I don't think I would boot an entire separate OS in the secure world, but
rather a small, simple OS with secure key storage ability, secure display
ability, and the ability to boot Android as the insecure OS.

This gives the ability for applications, running on Android in the insecure
world, to store keys in the secure world, making them inaccessible to
applications in the insecure world. For example, one could create a new secret
key, residing in the in the secure would, and specify that it must only be
read by code that hashes to a certain hash (running the secure world).

So, a Bitcoin wallet, for example, could create a new key in the key store,
and -- upon creation of the key -- specify that it can only be read by a piece
of ECDSA signature code which hashes to a certain value, and runs in the
secure world. So the only thing the wallet can do is send an unsigned Bitcoin
transaction to a program running in the secure world, which then parses the
transaction, displays the amount and destination address(es) securely on the
display (not modifiable by Android running the insecure world), and then the
user can accept or deny on the display. Upon accepting, the ECDSA signature
code running in the secure world will sign the transaction (inputs), and
deliver a signed transaction to the Bitcoin wallet software running in the
insecure world.

Assuming this small "secure key storage" OS is implemented securely, and
protected by a password (with exponentially increasing waiting period after
each unsuccessful attempt), it wouldn't be possible for software running in
Android -- even kernel-level code -- to steal Bitcoin wallet private keys, or
any other keys protected by this mechanism. If this key storage OS is kept
small enough, it should be possible to create something that can be audited
for a reasonable sum of money.

Perhaps it could even be written in a language with superior type safety like
Haskell, to make it easier to reason about its security.

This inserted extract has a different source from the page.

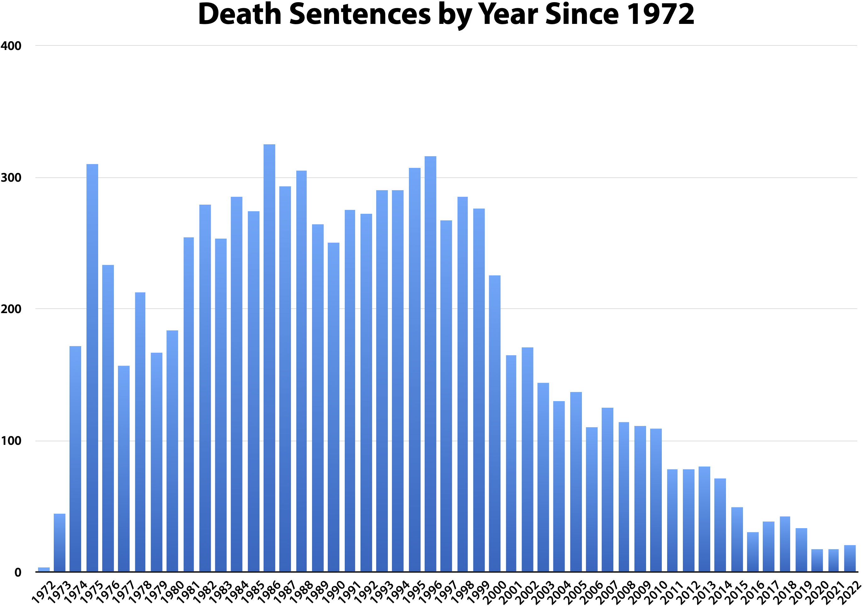 SOURCES: DPI’s Death Penalty Census and annual death sentence tracking. Each year, DPI collects information on the number of death sentences in the United States. We contact state agencies, state death penalty organizations, and death penalty litigators, and review news reports to confirm the numbers. We only count the number of “new sentences,” i.e., we do not recount individuals who were sentenced to death in a previous year, had their sentenced overturned, and were resentenced in the current year. Sentences are only counted when a judge imposes the sentence, even though a jury may have returned a death verdict earlier.

This would be a really big leap in information security -- providing we do it
right. It would mean other hardware key storage devices like SIM cards and
credit card chips would become less necessary, as secure phone apps would be
able to replace these. A VISA card could become an app on a phone, that can
securely sign transactions, thus reducing credit card fraud significantly.

The secret keys stored on a SIM card could be stored on the phone instead --
using a Diffie-Hellman key exchange between a program running in the secure
world and a server run by the cell tower operator. No more receiving SIM cards
in the mail.

------
eleitl
This is why I don't trust ARM. The only way to really make sure is to
synthesize your CPU core, and put it into the FPGA (though there are FPGAs
shipped with backdoors as well).